Below are records with pictures in them; print them exactly, omitting the pictures.

| RECORDS FOR THIS TASK |
=== Section Start ===
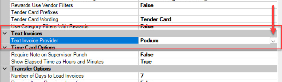 - Search or scroll down to the Text Invoices section and locate the option named Text Invoice Provider.
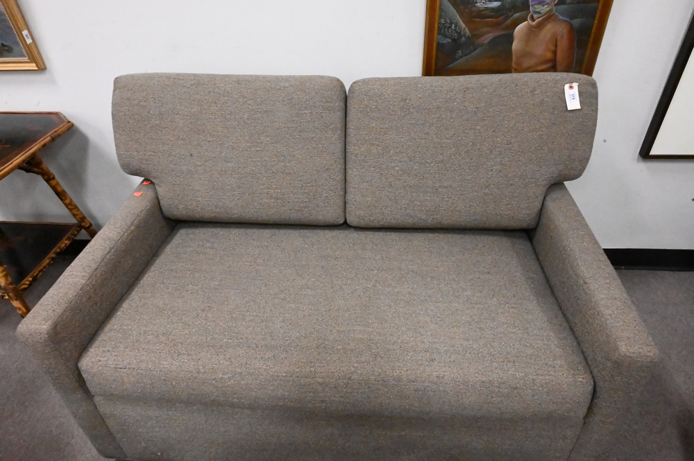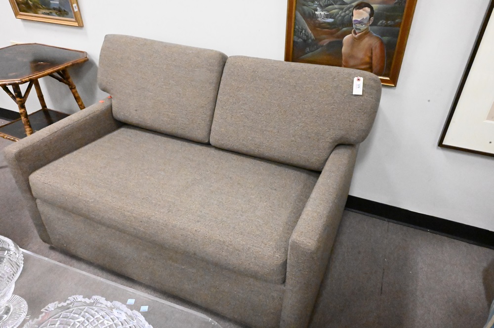 Avery Boardman Loveseat, having pull out twin size bed, height 25 inches, width 52 inches.
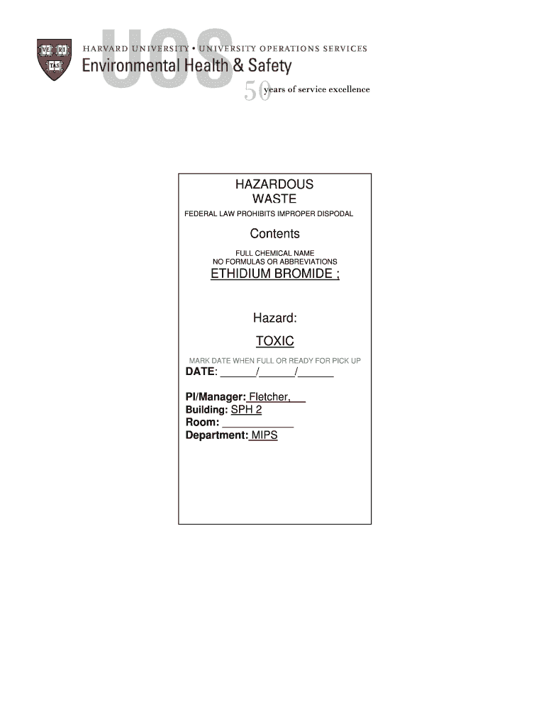 50 years of service excellence HAZARDOUS WASTE FEDERAL LAW PROHIBITS IMPROPER DISPOSAL Contents FULL CHEMICAL NAME NO FORMULAS OR ABBREVIATIONS STADIUM BROMIDE ; Hazard: TOXIC MARK DATE WHEN FULL
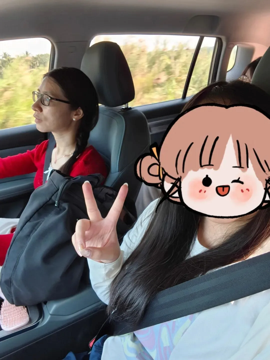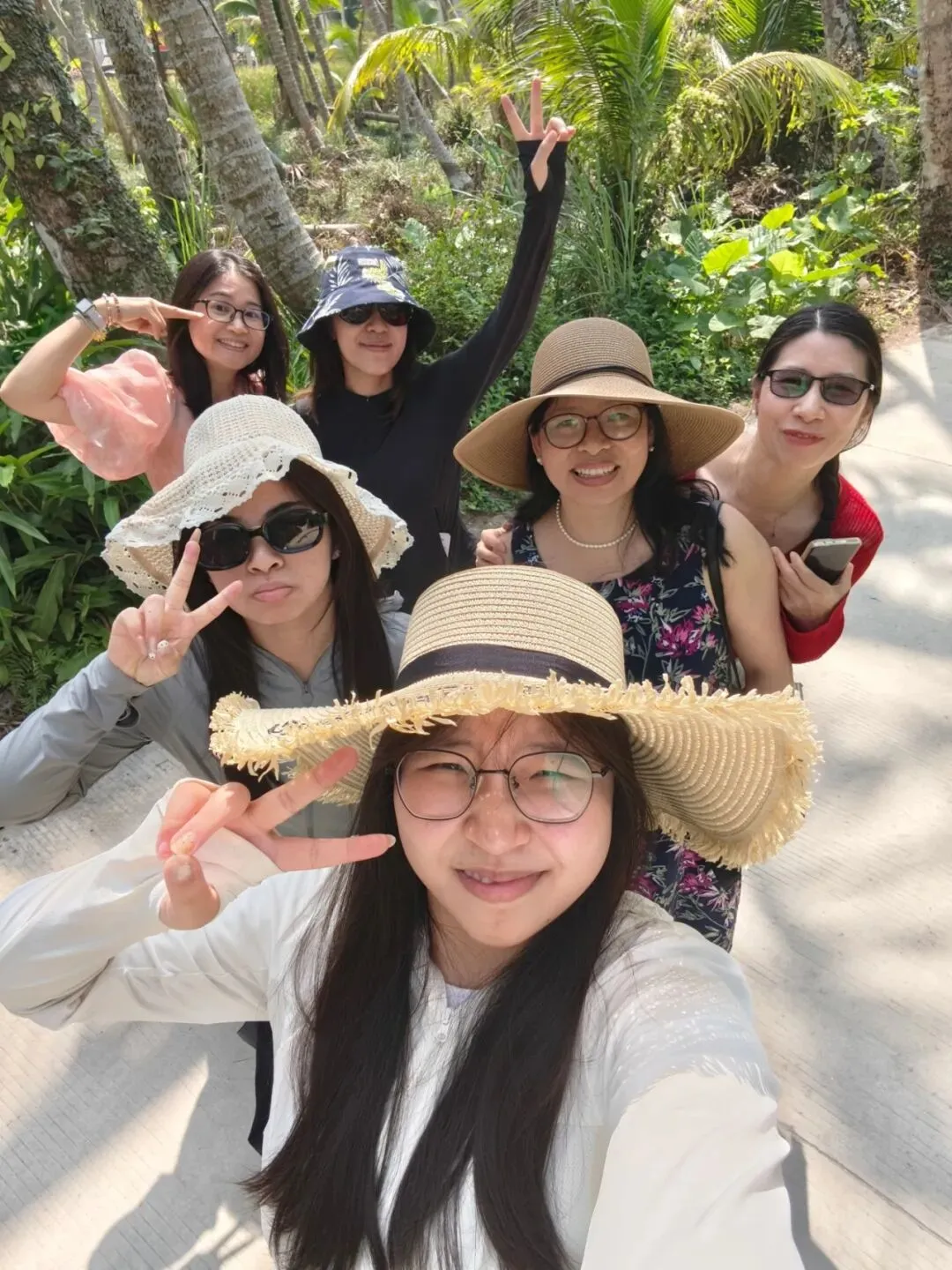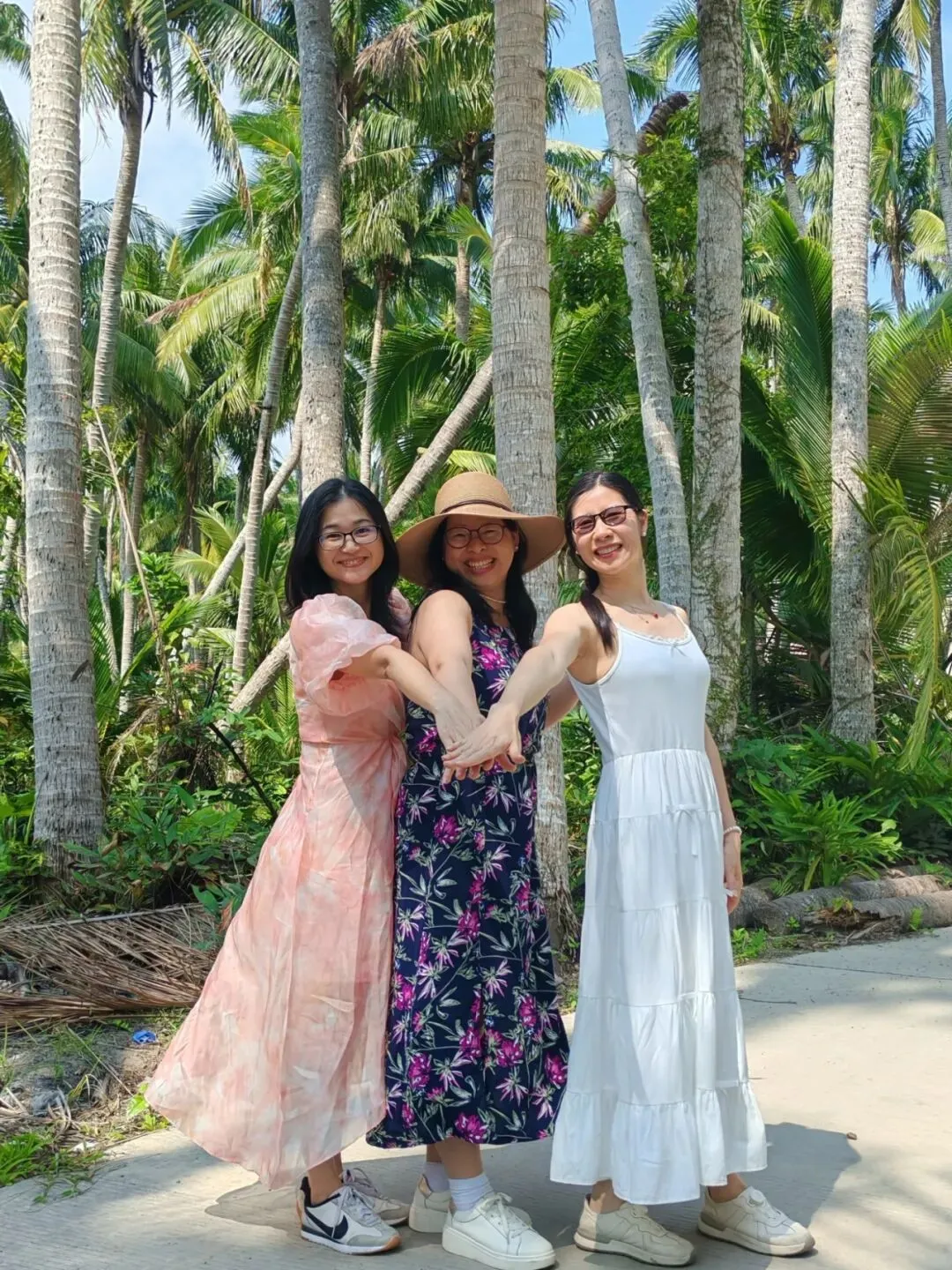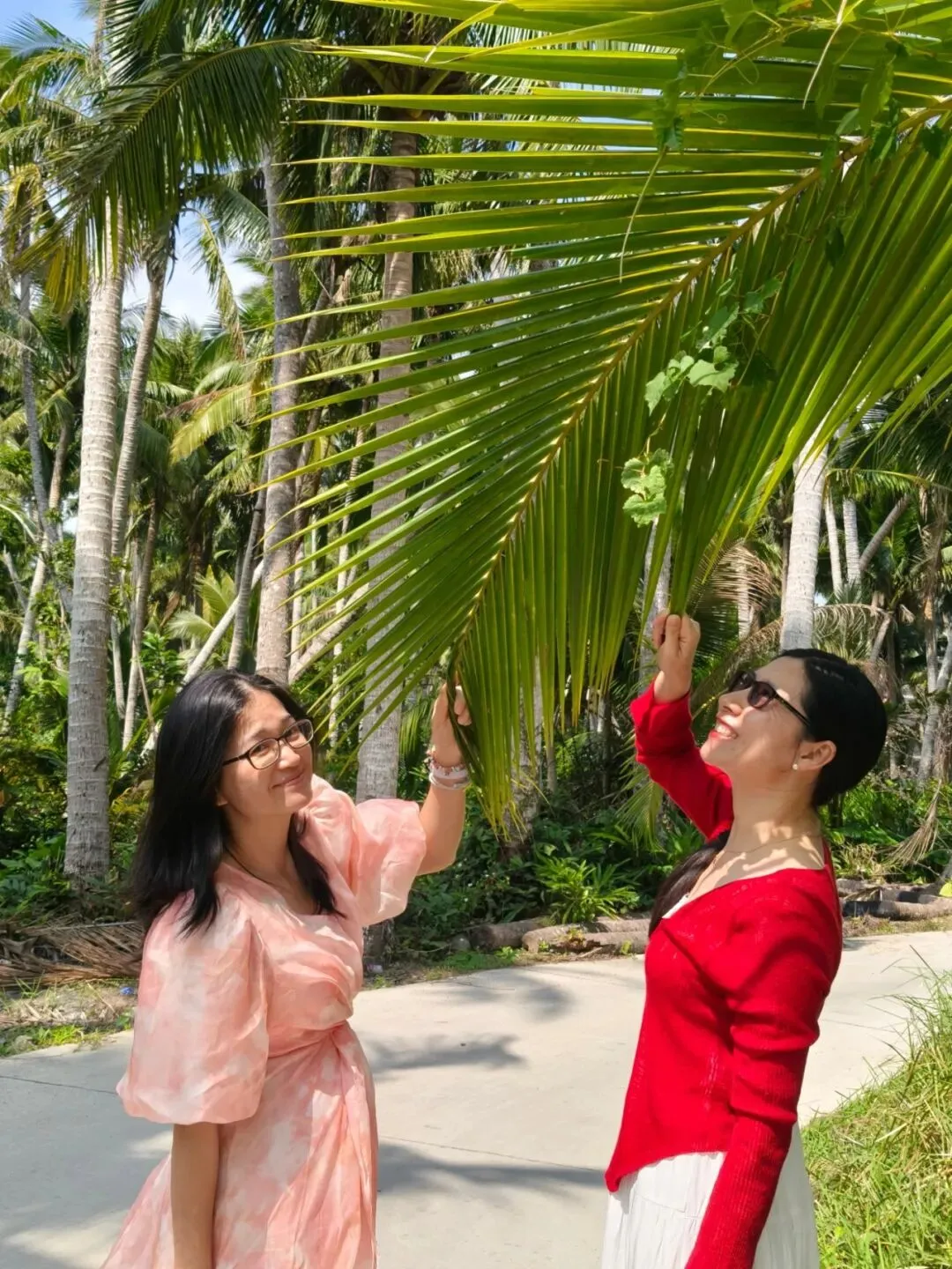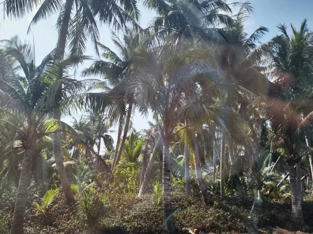 然而,下车走了一会发现天太热了,太阳好晒,跟大夏天一样,过中午了姐姐们可能也有点饿了,再走下去一个个就要焉了,又决定算了,就近走进一条横向的小路里去拍点照片就算了。纵然没有景区里的最美椰林漂亮,不过应该也差不太多了吧!😂
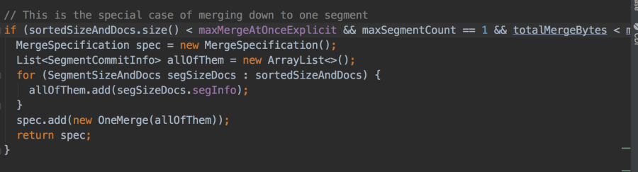 注意:这里没有剔除大于maxMergedSegmentBytes / 2的segment。这是和常规合并最大的区别。
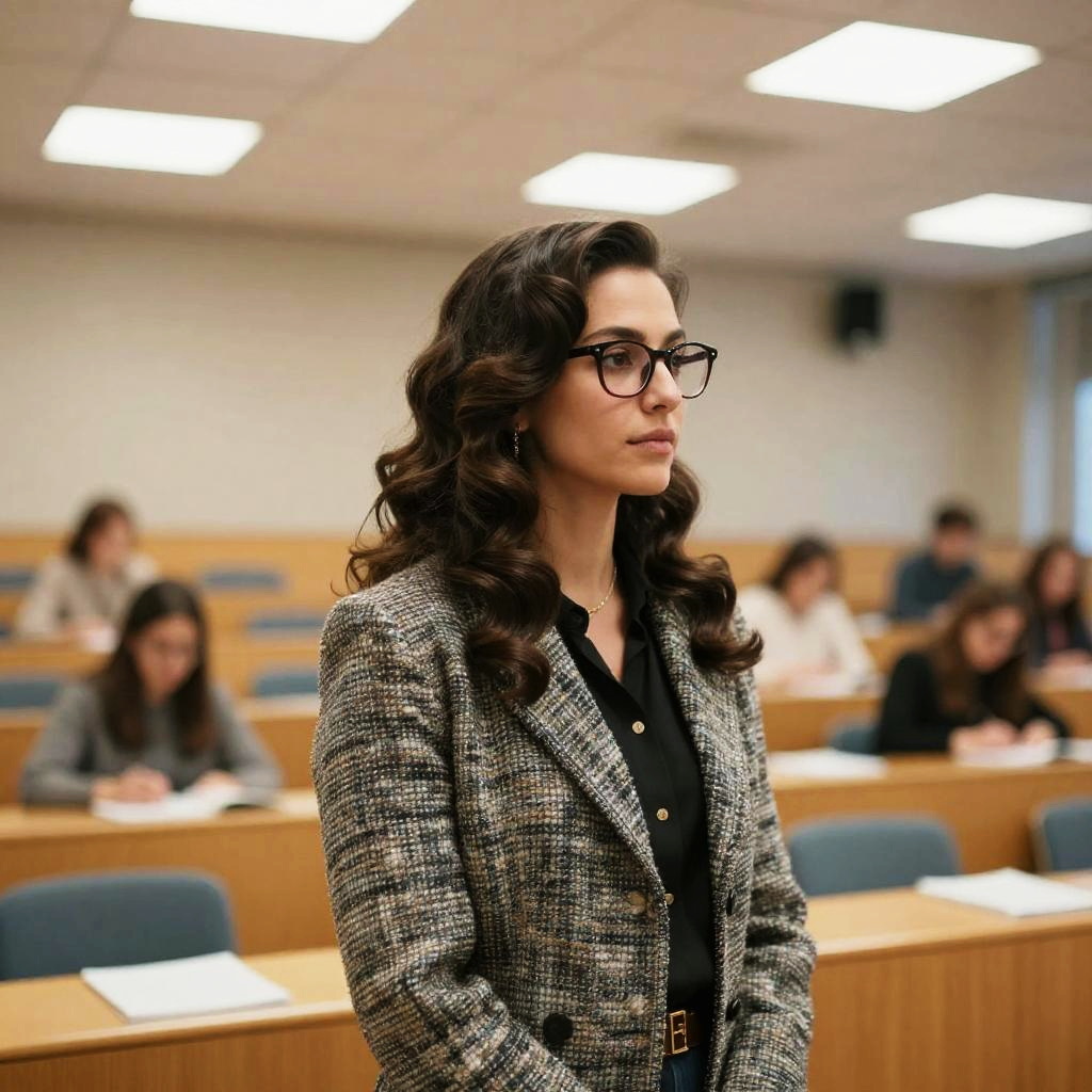 540 Waves hairstyle on female professor, wearing tweed jacket and glasses, in university lecture hall, captured in fashion editorial style with soft overhead lights.
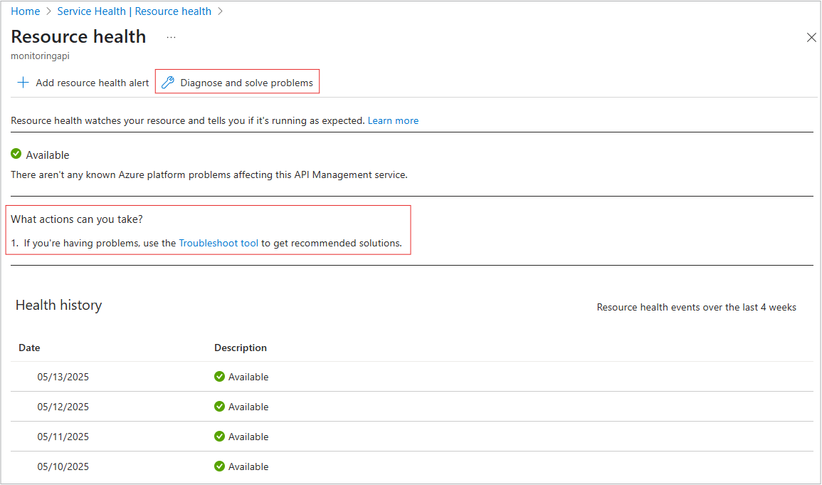 If a resource is unhealthy, Resource Health analyzes additional information to determine the source of the problem. It also reports on actions that Microsoft is taking to fix the problem and identifies actions that you can do to address it.
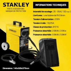Poste à Souder KING160 STANLEY FATMAX MMA + Cagoule Stanley Automatique 9/13 Facteur De Marche 100%
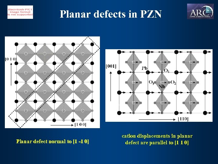 Planar defects in PZN Planar defect normal to [1 -1 0] cation displacements in planar defect are parallel to [1 1 0]
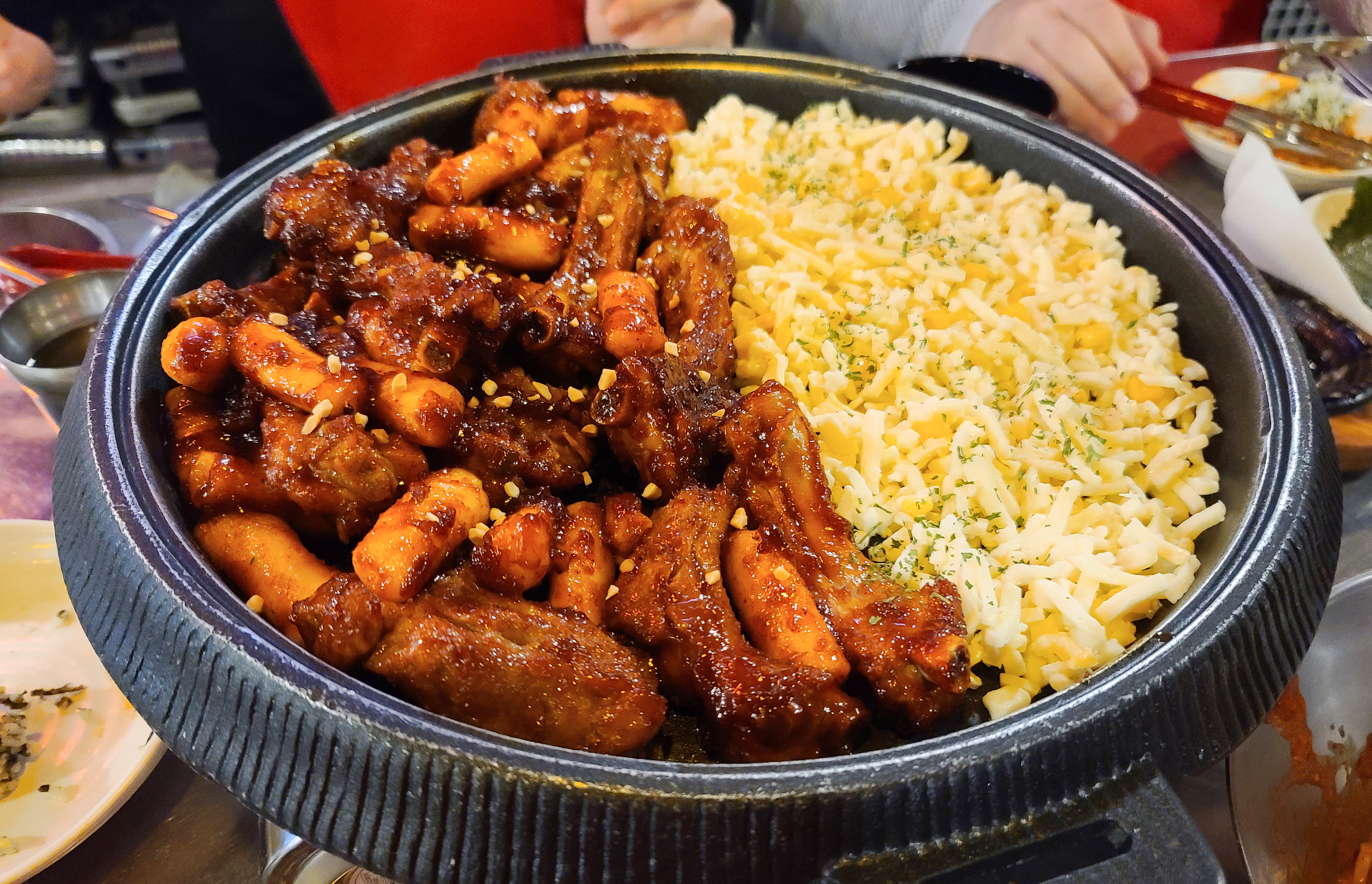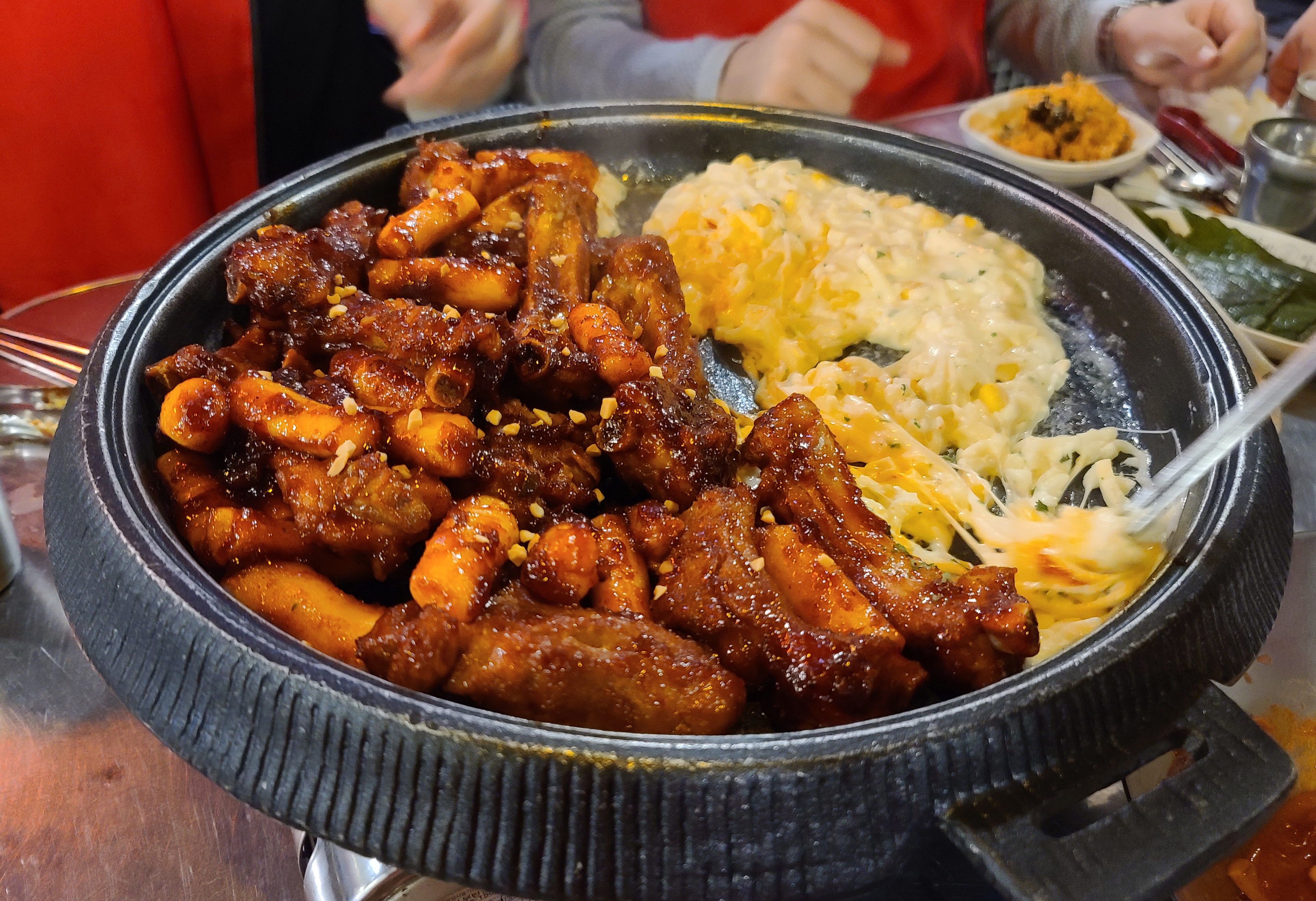다른 날 다시 방문했을 때는 치즈철판등갈비도 주문해보았습니다. 약간 매콤한 맛이 있었는데, 김치등갈비는 자연스러운 매콤함이었다면 약간 인위적인 매운맛이라 톡 쏘는 맛이 조금 별로였습니다. 치즈랑 곁들이면 중화가 되어 괜찮았는데, 다음에 등갈비달인에 다시 방문한다면 그냥 기본적인 메뉴인 김치등갈비를 먹을 것 같습니다.
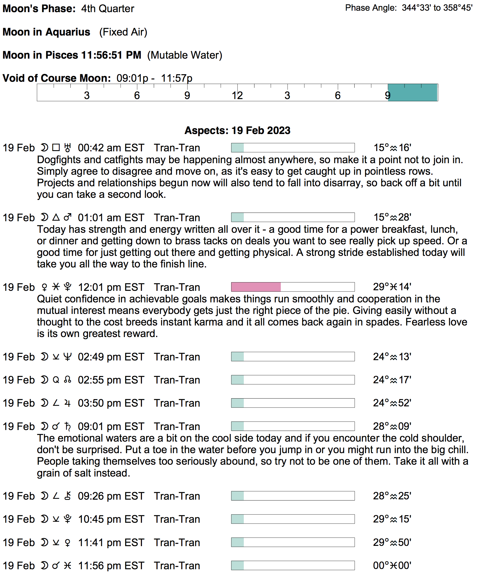 - The Moon is in Aquarius until 11:55 PM, after which the Moon is in Pisces.
=== Section End ===
| PROBLEM SOLUTION |
 - Search or scroll down to the Text Invoices section and locate the option named Text Invoice Provider.
 Avery Boardman Loveseat, having pull out twin size bed, height 25 inches, width 52 inches.
 50 years of service excellence HAZARDOUS WASTE FEDERAL LAW PROHIBITS IMPROPER DISPOSAL Contents FULL CHEMICAL NAME NO FORMULAS OR ABBREVIATIONS STADIUM BROMIDE ; Hazard: TOXIC MARK DATE WHEN FULL
 然而,下车走了一会发现天太热了,太阳好晒,跟大夏天一样,过中午了姐姐们可能也有点饿了,再走下去一个个就要焉了,又决定算了,就近走进一条横向的小路里去拍点照片就算了。纵然没有景区里的最美椰林漂亮,不过应该也差不太多了吧!😂
 注意:这里没有剔除大于maxMergedSegmentBytes / 2的segment。这是和常规合并最大的区别。
 540 Waves hairstyle on female professor, wearing tweed jacket and glasses, in university lecture hall, captured in fashion editorial style with soft overhead lights.
 If a resource is unhealthy, Resource Health analyzes additional information to determine the source of the problem. It also reports on actions that Microsoft is taking to fix the problem and identifies actions that you can do to address it.
Poste à Souder KING160 STANLEY FATMAX MMA + Cagoule Stanley Automatique 9/13 Facteur De Marche 100%
 Planar defects in PZN Planar defect normal to [1 -1 0] cation displacements in planar defect are parallel to [1 1 0]
다른 날 다시 방문했을 때는 치즈철판등갈비도 주문해보았습니다. 약간 매콤한 맛이 있었는데, 김치등갈비는 자연스러운 매콤함이었다면 약간 인위적인 매운맛이라 톡 쏘는 맛이 조금 별로였습니다. 치즈랑 곁들이면 중화가 되어 괜찮았는데, 다음에 등갈비달인에 다시 방문한다면 그냥 기본적인 메뉴인 김치등갈비를 먹을 것 같습니다.
 - The Moon is in Aquarius until 11:55 PM, after which the Moon is in Pisces.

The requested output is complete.